This has become one of our favorite soups. It’s quick, tasty, filling and comforting. It’s easy to customize the level of heat, and the toppings add a lot of flavor and texture.
Chicken Tortilla Soup
Servings: 8
Equipment
- Blender
- Dutch oven
Ingredients
Soup
- 6 cups chicken stock
- 6 cups water
- 1½ lbs chicken thighs boneless, skinless
- 1 large onion
- 4 cloves garlic
- 3 tbsp chipotles in adobo
- ½ cup fresh cilantro
- 12 tortilla chips
- kosher salt and pepper to taste
- 1 large can black beans drained and rinsed (optional)
For Serving
- 1 avocado chopped
- ¼ cup cilantro minced
- sour cream
Instructions
Soup
- Combine chicken stock, water, chicken thighs, onion and garlic in a dutch oven or other heavy stock pot. Add salt and pepper to taste. Simmer over medium heat until thighs are tender and shredable, approximately 45 minutes.

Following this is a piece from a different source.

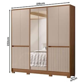 Guarda Roupa Casal Ambiente Alasca 10 Portas Carvalho Fendi com Espelho - Moval
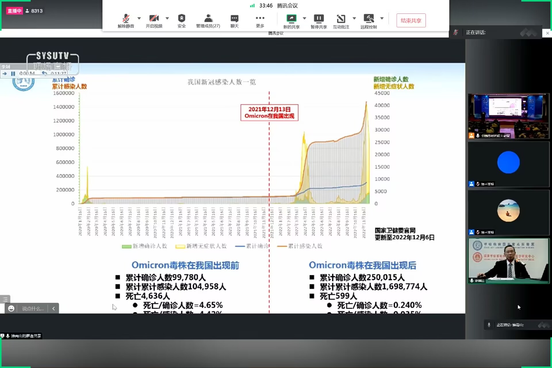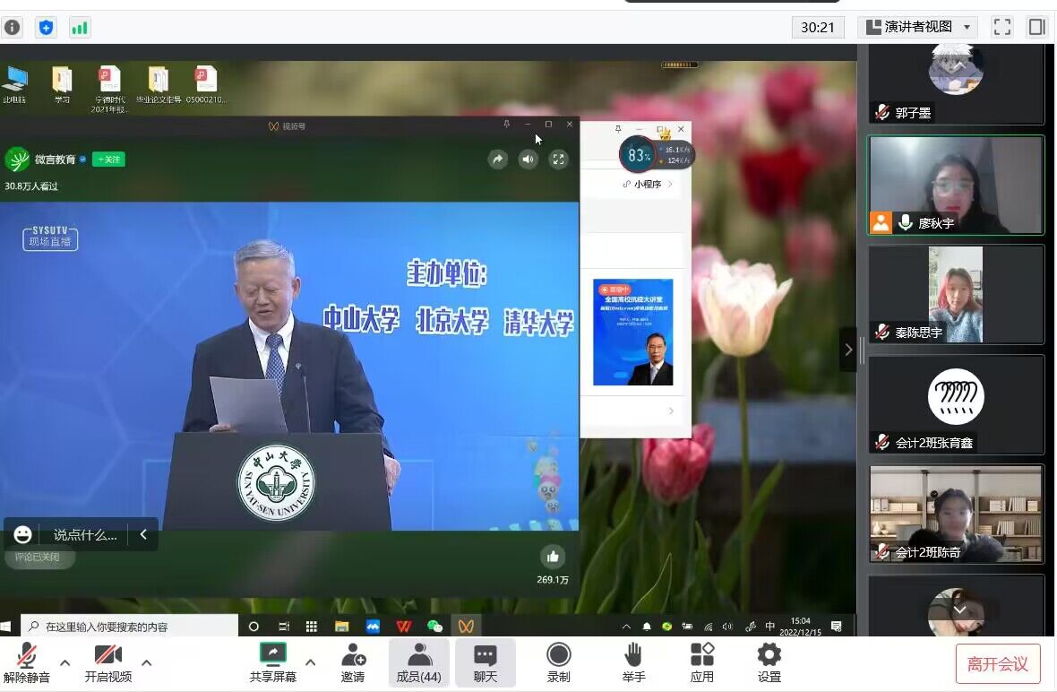 12月15日下午,学校通过线上的方式,组织全体学生、思政课教师以及辅导员、无课教师等共计一万五千人次观看钟南山院士《全国高校疫情大讲座“新冠疫情动态及应对”》,观看师生对中国近三年来抗疫取得的成就感到深深的自豪,同时也对当下时期的的新冠疫情有了更加详细的了解,对攻克疫情尽快恢复正常的生活和学习充满了信心。

- Remove chicken and shred. Set aside
- Skim out solids and place in blender with cilantro, chiles in adobo and tortilla chips. Add enough stock to half fill blender jar. Blend until completely smooth.
- Add shredded chicken, black beans and blended mixture to stock in pot and simmer to combine flavors, approx 15 minutes.
- Adjust seasoning with salt and pepper as desired.
- Serve with avocado, cilantro, sour cream and additional tortilla chips if desired.